Estamos en los años ochenta y los protagonistas de este cuento real son dos jóvenes estudiantes de periodismo que pretendían abrirse camino en la profesión, empezando por el mundo de las colaboraciones mal pagadas de los medios. Una entrevista diferente, un reportaje interesante, pensaban, podían ser sus armas. Les sobraban ganas, ideas y arrojo. Habían leído, y admiraban, a un escritor que entonces no solía aparecer en los periódicos, Rafael Sánchez Ferlosio, se documentaron, se prepararon y fueron a buscarlo.

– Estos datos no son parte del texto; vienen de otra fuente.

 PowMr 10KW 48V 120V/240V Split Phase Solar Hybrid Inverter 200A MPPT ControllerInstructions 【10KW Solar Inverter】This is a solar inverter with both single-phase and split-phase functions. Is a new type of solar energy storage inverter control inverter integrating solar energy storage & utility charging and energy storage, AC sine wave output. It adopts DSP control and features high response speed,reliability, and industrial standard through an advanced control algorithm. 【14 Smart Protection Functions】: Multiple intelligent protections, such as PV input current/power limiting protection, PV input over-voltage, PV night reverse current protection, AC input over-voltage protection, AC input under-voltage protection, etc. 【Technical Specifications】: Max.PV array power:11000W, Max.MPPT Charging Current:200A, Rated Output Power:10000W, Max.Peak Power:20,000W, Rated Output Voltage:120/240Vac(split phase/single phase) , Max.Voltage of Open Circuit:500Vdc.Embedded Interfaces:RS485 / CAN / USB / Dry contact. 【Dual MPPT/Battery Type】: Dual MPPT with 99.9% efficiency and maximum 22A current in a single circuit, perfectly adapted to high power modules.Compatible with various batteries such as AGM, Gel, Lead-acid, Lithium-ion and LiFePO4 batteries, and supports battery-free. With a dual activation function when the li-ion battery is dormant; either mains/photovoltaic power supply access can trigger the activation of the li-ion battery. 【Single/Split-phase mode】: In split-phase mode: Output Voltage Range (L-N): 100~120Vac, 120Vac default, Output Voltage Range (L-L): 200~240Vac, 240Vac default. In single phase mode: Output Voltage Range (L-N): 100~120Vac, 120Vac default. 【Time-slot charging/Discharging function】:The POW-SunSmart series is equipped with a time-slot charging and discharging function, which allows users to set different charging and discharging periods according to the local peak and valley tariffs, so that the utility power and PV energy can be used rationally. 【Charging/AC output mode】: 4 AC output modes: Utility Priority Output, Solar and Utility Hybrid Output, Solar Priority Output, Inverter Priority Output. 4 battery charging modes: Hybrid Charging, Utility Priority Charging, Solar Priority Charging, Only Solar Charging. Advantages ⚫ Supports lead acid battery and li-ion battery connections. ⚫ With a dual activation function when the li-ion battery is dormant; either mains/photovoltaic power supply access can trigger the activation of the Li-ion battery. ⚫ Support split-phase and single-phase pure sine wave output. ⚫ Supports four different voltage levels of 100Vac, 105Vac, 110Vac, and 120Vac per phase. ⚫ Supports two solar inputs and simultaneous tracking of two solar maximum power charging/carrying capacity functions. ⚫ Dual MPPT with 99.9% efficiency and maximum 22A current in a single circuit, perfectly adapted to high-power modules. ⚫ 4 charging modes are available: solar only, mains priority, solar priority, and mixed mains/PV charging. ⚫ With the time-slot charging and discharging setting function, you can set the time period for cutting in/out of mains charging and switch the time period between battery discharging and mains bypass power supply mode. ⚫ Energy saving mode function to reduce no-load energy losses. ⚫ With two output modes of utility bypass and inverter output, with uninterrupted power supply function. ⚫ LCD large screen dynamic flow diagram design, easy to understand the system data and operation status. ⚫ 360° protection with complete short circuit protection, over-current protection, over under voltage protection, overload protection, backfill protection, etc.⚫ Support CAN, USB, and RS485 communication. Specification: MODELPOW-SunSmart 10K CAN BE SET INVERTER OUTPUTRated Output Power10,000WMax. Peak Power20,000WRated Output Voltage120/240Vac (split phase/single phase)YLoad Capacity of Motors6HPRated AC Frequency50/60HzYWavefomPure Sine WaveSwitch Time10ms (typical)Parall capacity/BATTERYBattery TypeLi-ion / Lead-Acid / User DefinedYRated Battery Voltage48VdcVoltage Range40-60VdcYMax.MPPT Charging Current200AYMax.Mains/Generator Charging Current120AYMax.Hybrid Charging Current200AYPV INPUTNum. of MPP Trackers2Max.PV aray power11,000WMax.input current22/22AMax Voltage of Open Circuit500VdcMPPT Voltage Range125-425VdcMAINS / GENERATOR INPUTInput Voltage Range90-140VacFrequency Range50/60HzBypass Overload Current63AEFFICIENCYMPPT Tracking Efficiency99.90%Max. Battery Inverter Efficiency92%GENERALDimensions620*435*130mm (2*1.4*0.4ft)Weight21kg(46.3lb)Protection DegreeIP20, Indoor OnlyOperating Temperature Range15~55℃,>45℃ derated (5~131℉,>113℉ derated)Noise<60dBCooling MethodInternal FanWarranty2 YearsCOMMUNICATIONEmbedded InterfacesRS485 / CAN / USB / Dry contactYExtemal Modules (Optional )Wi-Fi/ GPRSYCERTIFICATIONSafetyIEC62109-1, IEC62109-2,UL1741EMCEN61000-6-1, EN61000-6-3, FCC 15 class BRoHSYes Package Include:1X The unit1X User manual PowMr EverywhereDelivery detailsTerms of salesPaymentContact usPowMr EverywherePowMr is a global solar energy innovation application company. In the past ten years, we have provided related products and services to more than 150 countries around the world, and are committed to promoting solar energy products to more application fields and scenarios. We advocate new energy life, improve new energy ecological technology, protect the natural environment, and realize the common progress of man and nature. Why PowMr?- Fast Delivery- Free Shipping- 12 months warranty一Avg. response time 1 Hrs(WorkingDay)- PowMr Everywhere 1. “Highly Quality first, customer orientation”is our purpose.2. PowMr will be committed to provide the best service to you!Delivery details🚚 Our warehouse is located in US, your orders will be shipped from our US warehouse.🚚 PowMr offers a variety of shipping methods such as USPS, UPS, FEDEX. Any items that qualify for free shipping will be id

Supieron que tenía una casa en Coria donde pasaba temporadas y allí se presentaron una Semana Santa, sin avisar y sin encomendarse a nadie. Pasaron Plasencia y llegaron al pueblo. Lo primero que hicieron, previsores, fue apalabrar una habitación en una pensión económica. Tras dejar en ella las bolsas de viaje, preguntando, llegaron a una casa solariega con una gran puerta de madera que cerraba un jardín de paredes altas y recias. Unos golpes tímidos con la aldaba les parecieron estruendosos, pero apenas se debieron oír en el interior. Pasaron unos minutos y repitieron la llamada, esa vez un poco más fuerte, algo más decidida. Entonces se oyó que alguien se acercaba desde dentro.
Se abrió la puerta y era el mismo Rafael Sánchez Ferlosio, que preguntó, educado, qué deseaban los jóvenes visitantes. La pareja dudó, dieron las buenas tardes, se miraron, quizá tartamudearon, pero acabaron informando de que eran periodistas y querían concertar con él una entrevista.
–Pero yo no hago entrevistas. No hablo con los periódicos.
Dijo, medio hosco y muy convencido, el escritor. Y ahí se fue al suelo todo el atrevimiento de los intrépidos reporteros. Acertaron torpemente a insistir un poco, pero siguió negando con la cabeza y pensaron que no quedaba más remedio que despedirse, volver sobre sus pasos y dedicar el resto de la semana a conocer aquella zona del noreste de Extremadura.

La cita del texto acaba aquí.